**Required work**. The whole listing should come back exactly as written, except for the pictures.

**Source data**.
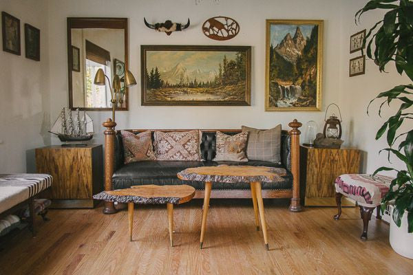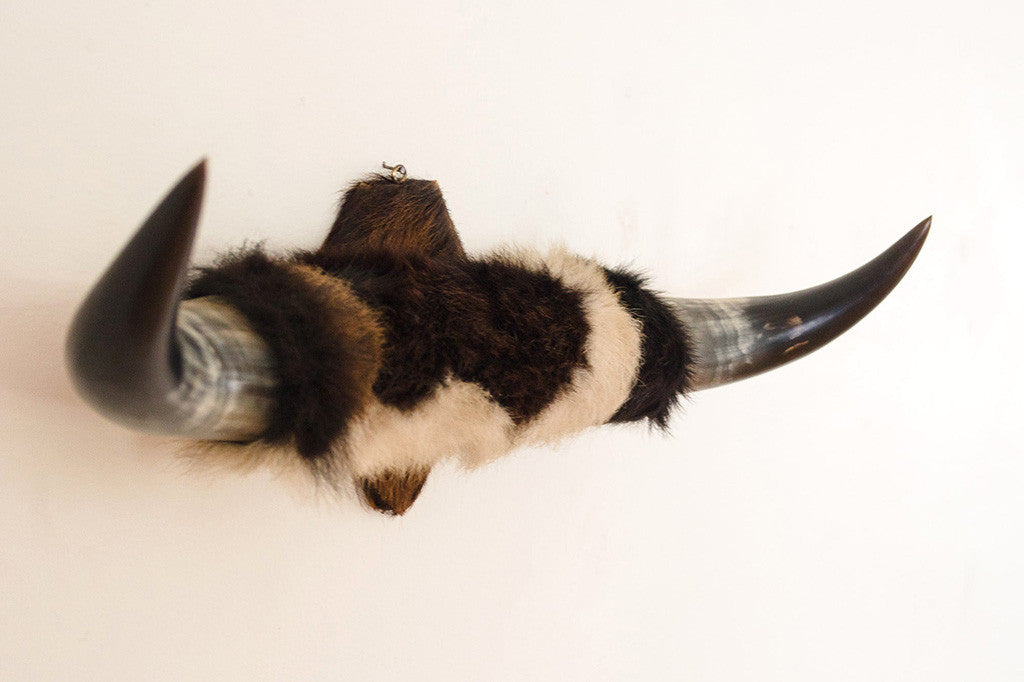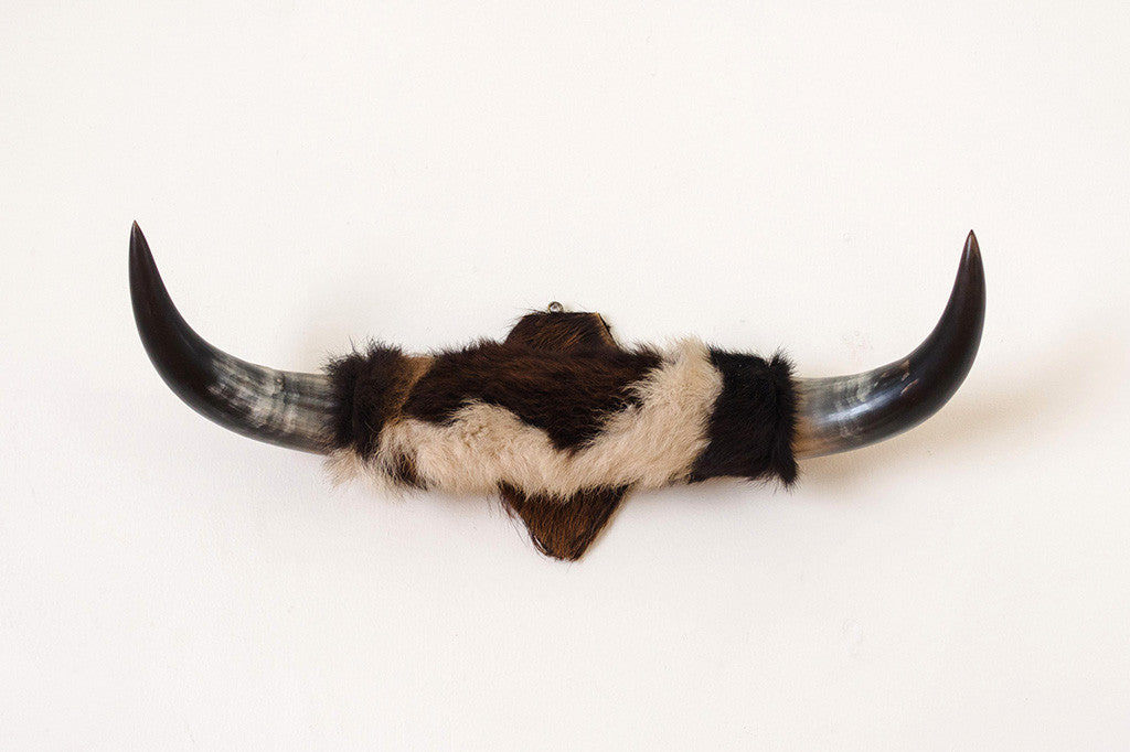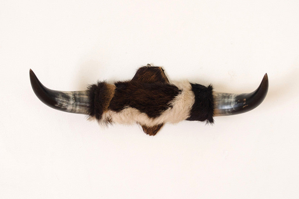This is a vintage set of mounted bullhorns. They are mounted on a shield-shaped plaque. The mount and center are wrapped in a section of brown and white cowhide. They're in great shape with age appropriate wear. They would make a great coat, hat or towel rack. Please see pictures for detailed condition of this piece.
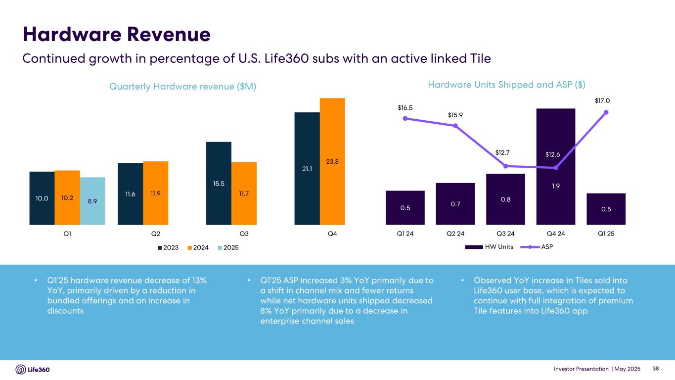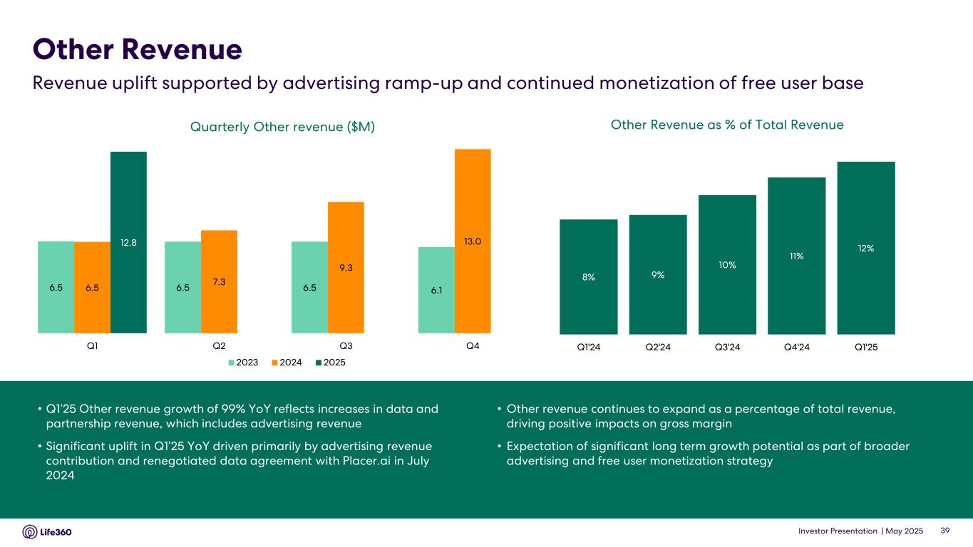 Investor Presentation | May 2025 Hardware Revenue Quarterly Hardware revenue ($M) 38 • Q1’25 hardware revenue decrease of 13% YoY, primarily driven by a reduction in bundled offerings and an increase in discounts • Q1’25 ASP increased 3% YoY primarily due to a shift in channel mix and fewer returns while net hardware units shipped decreased 8% YoY primarily due to a decrease in enterprise channel sales • Observed YoY increase in Tiles sold into Life360 user base, which is expected to continue with full integration of premium Tile features into Life360 app Hardware Units Shipped and ASP ($) 10.0 11.6 15.5 21.1 10.2 11.9 11.7 23.8 8.9 Q1 Q2 Q3 Q4 2023 2024 2025 Continued growth in percentage of U.S. Life360 subs with an active linked Tile 0.5 0.7 0.8 1.9 0.5 $16.5 $15.9 $12.7 $12.6 $17.0 8.00 9.00 10.00 11.00 12.00 13.00 14.00 15.00 16.00 17.00 18.00 0.00 0.20 0.40 0.60 0.80 1.00 1.20 1.40 1.60 1.80 2.00 Q1 24 Q2 24 Q3 24 Q4 24 Q1 25 HW Units ASP
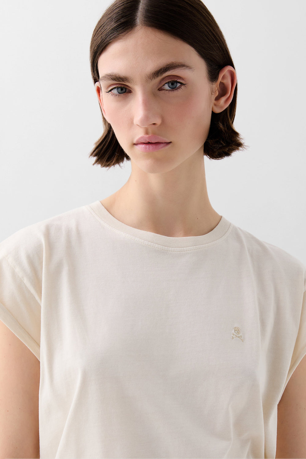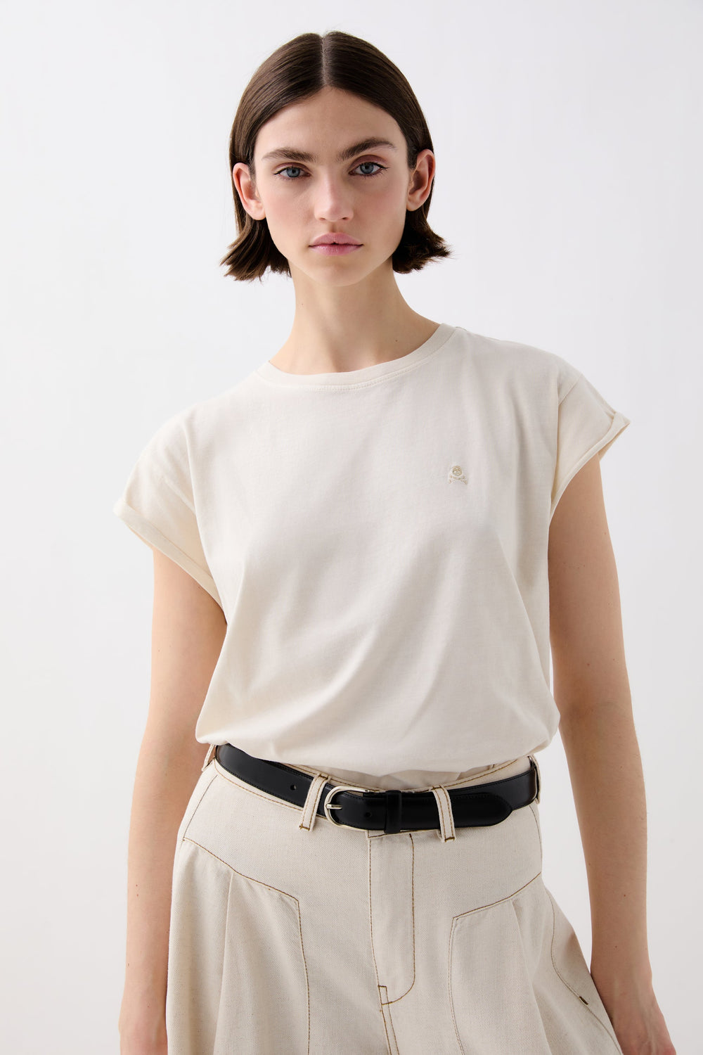 T-shirt made of 100% BCI cotton. Regular fit, round neck and short sleeves. Matching embroidered skull detail.

**Answer box**.
This is a vintage set of mounted bullhorns. They are mounted on a shield-shaped plaque. The mount and center are wrapped in a section of brown and white cowhide. They're in great shape with age appropriate wear. They would make a great coat, hat or towel rack. Please see pictures for detailed condition of this piece.
 Investor Presentation | May 2025 Hardware Revenue Quarterly Hardware revenue ($M) 38 • Q1’25 hardware revenue decrease of 13% YoY, primarily driven by a reduction in bundled offerings and an increase in discounts • Q1’25 ASP increased 3% YoY primarily due to a shift in channel mix and fewer returns while net hardware units shipped decreased 8% YoY primarily due to a decrease in enterprise channel sales • Observed YoY increase in Tiles sold into Life360 user base, which is expected to continue with full integration of premium Tile features into Life360 app Hardware Units Shipped and ASP ($) 10.0 11.6 15.5 21.1 10.2 11.9 11.7 23.8 8.9 Q1 Q2 Q3 Q4 2023 2024 2025 Continued growth in percentage of U.S. Life360 subs with an active linked Tile 0.5 0.7 0.8 1.9 0.5 $16.5 $15.9 $12.7 $12.6 $17.0 8.00 9.00 10.00 11.00 12.00 13.00 14.00 15.00 16.00 17.00 18.00 0.00 0.20 0.40 0.60 0.80 1.00 1.20 1.40 1.60 1.80 2.00 Q1 24 Q2 24 Q3 24 Q4 24 Q1 25 HW Units ASP
 T-shirt made of 100% BCI cotton. Regular fit, round neck and short sleeves. Matching embroidered skull detail.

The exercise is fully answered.